Backlog ordering done right!
Various methods exist for helping product owners to decide which backlog item to start first. That this pays off to do so (more or less) right has been shown in blogs of Maurits Rijk and Jeff Sutherland.
These approaches to ordering backlog items all assume that items once picked up by the team are finished according to the motto: ‘Stop starting, start finishing‘. An example of a well-known algorithm for ordering is Weighted Shortest Job First (WSJF).
For items that may be interrupted, this results not in the best scheduling possible. Items that usually are interrupted by other items include story map slices, (large) epics, themes, Marketable Features and possibly more.
In this blog I’ll show what scheduling is more optimal and how it works.
Weighted Shortest Job First (WSJF)
In WSJF scheduling of work, i.e. product backlog items, is based on both the effort and (business) value of the item. The effort may be stated in duration, story points, or hours of work. The business value may be calculated using Cost of Delay or as is prescribed by SAFe.

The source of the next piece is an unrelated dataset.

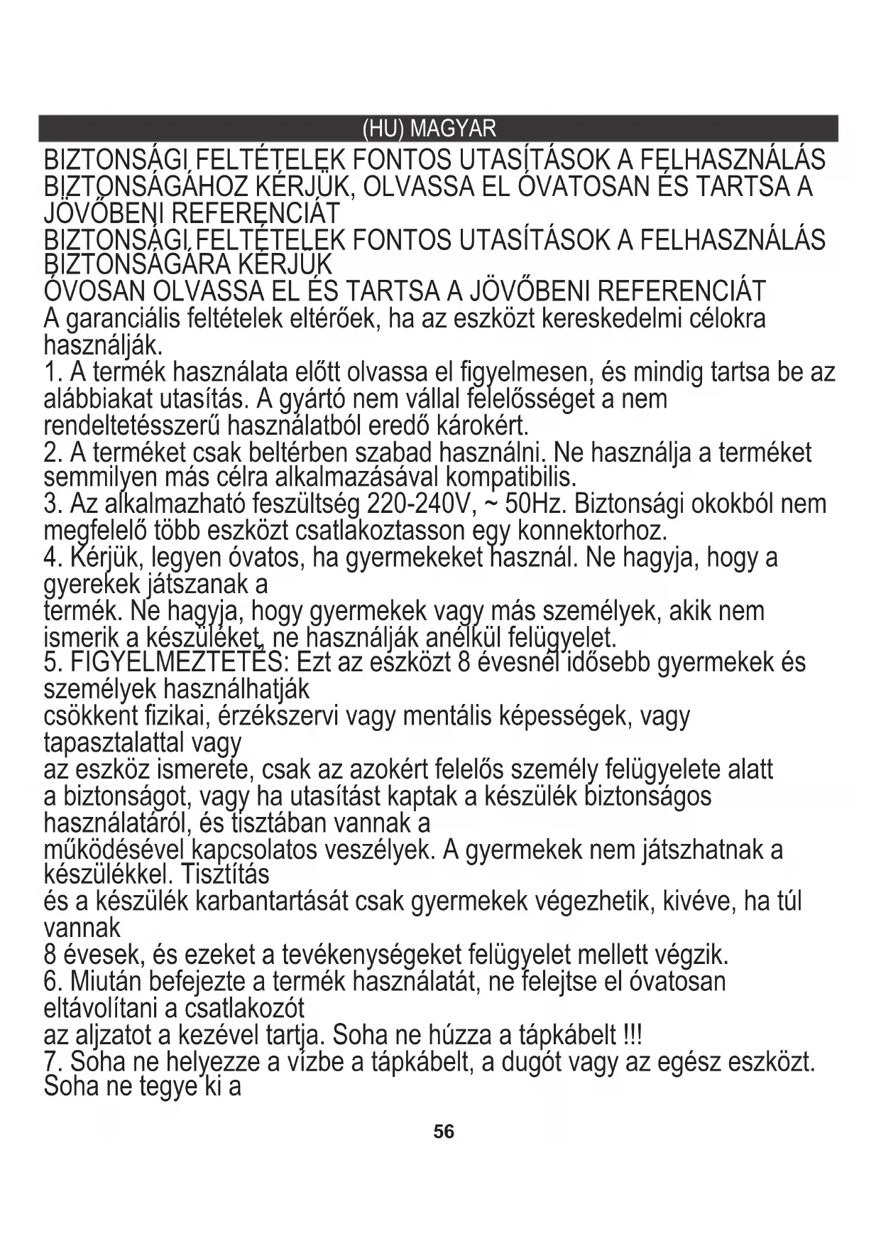 személyek használhatják termék. Ne hagyja, hogy gyermekek vagy más személyek, akik nem ismerik a készüléket, ne használják anélkül felügyelet. az eszköz ismerete, csak az azokért felelős személy felügyelete alatt csökkent fizikai, érzékszervi vagy mentális képességek, vagy tapasztalattal vagy működésével kapcsolatos veszélyek. A gyermekek nem játszhatnak a készülékkel. Tisztítás a biztonságot, vagy ha utasítást kaptak a készülék biztonságos használatáról, és tisztában vannak a és a készülék karbantartását csak gyermekek végezhetik, kivéve, ha túl vannak 8 évesek, és ezeket a tevékenységeket felügyelet mellett végzik.

When effort and value are known for the backlog items, each item can be represented by a dot. See the picture to the right.
The proper scheduling is obtained by sweeping the dashed line from the bottom right to the upper left (like a windshield wiper).
In practice both the value and effort are not precisely known but estimated. This means that product owners will treat dots that are ‘close’ to each other the same. The picture to the left shows this process. All green sectors have the same ROI (business value divided by effort) and have roughly the same value for their WSJF.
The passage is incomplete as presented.